Example High-Level Pseudocode

			
image = upload_image()
prompt = get_prompt()
response = analyze_image(image, prompt)
display_response(response)

For AI-901, understanding the workflow is more important than memorizing exact syntax.

Important AI-901 Exam Tips

For the exam, remember these key points:

Multimodal models process multiple data types.
Visual input includes images and video.
Azure AI Vision supports computer vision workloads.
OCR extracts text from images.
Image captioning generates descriptions of images.
Object detection identifies multiple objects in images.
APIs and endpoints connect applications to AI services.
Authentication secures AI access.
Responsible AI principles apply to computer vision systems.
Hallucinations are inaccurate AI-generated outputs.

Quick Knowledge Check

Question 1

What is OCR used for?

Answer

Extracting text from images or scanned documents.

Question 2

What does image captioning do?

Answer

Generates natural-language descriptions of images.

Question 3

Why are multimodal models useful?

Answer

They can process multiple types of input such as text and images together.

Question 4

Why is fairness important in computer vision?

Answer

To reduce biased or uneven performance across different groups of people.

Practice Exam Questions

Question 1

What is a multimodal AI model?

A. A model that processes only text
B. A model capable of processing multiple types of input such as text and images
C. A model used only for networking
D. A model designed exclusively for spreadsheets

Correct Answer

B. A model capable of processing multiple types of input such as text and images

Explanation

Multimodal models can process and combine different forms of input, including text, images, audio, and video.
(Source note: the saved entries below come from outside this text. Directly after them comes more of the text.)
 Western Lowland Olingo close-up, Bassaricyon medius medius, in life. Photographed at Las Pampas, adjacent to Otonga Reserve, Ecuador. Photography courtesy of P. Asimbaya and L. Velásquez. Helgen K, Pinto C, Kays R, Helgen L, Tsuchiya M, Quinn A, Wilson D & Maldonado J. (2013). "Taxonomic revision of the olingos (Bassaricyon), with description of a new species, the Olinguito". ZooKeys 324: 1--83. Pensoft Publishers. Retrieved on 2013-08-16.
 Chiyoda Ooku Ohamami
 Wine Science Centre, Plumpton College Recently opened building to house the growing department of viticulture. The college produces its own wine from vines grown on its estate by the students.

Why the Other Answers Are Incorrect

A. A model that processes only text

That describes a text-only model.

C. A model used only for networking

Networking is unrelated to multimodal AI.
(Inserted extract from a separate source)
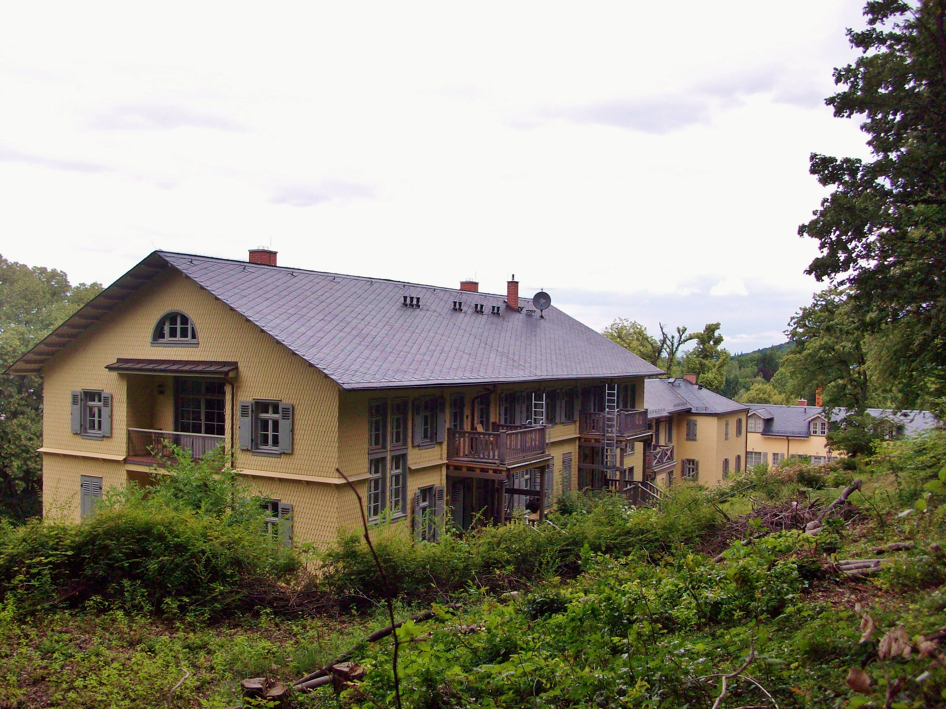 The castle "Seeheimer Schloss" from uphill side.

D. A model designed exclusively for spreadsheets

This is unrelated to AI modalities.

Question 2

Which Azure service provides computer vision capabilities such as image analysis and OCR?

A. Azure AI Vision
B. Azure Backup
C. Azure Virtual Desktop
D. Azure Monitor

Correct Answer

A. Azure AI Vision

Explanation

Azure AI Vision provides computer vision features including OCR, object detection, and image captioning.
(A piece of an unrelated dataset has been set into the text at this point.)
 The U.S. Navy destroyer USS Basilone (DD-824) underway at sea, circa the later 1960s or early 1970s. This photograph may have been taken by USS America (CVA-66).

Why the Other Answers Are Incorrect

B. Azure Backup

This is a backup service.

C. Azure Virtual Desktop

This provides desktop virtualization.

D. Azure Monitor

This is used for monitoring and diagnostics.

Question 3

What does OCR stand for?

A. Optical Character Recognition
B. Operational Cloud Routing
C. Object Classification Registry
D. Open Compute Rendering

Correct Answer

A. Optical Character Recognition

Explanation

OCR extracts text from images or scanned documents.

Why the Other Answers Are Incorrect

B. Operational Cloud Routing

This is not an AI vision term.

C. Object Classification Registry

This is not the meaning of OCR.

D. Open Compute Rendering

This is unrelated to text extraction.

Question 4

What is the PRIMARY purpose of object detection?

A. To identify and locate objects within an image
B. To translate speech into text
C. To summarize long documents
D. To improve internet speed

Correct Answer

A. To identify and locate objects within an image

Explanation

Object detection identifies multiple objects and their positions within an image.

Why the Other Answers Are Incorrect

B. To translate speech into text

This is a speech recognition task.

C. To summarize long documents

This is a text analysis task.

D. To improve internet speed

Object detection does not affect networking.

Question 5

What does image captioning do?

A. Generates natural-language descriptions of images
B. Converts text into audio
C. Detects malware in files
D. Compresses images automatically

Correct Answer

A. Generates natural-language descriptions of images

Explanation

Image captioning uses AI to describe visual content in natural language.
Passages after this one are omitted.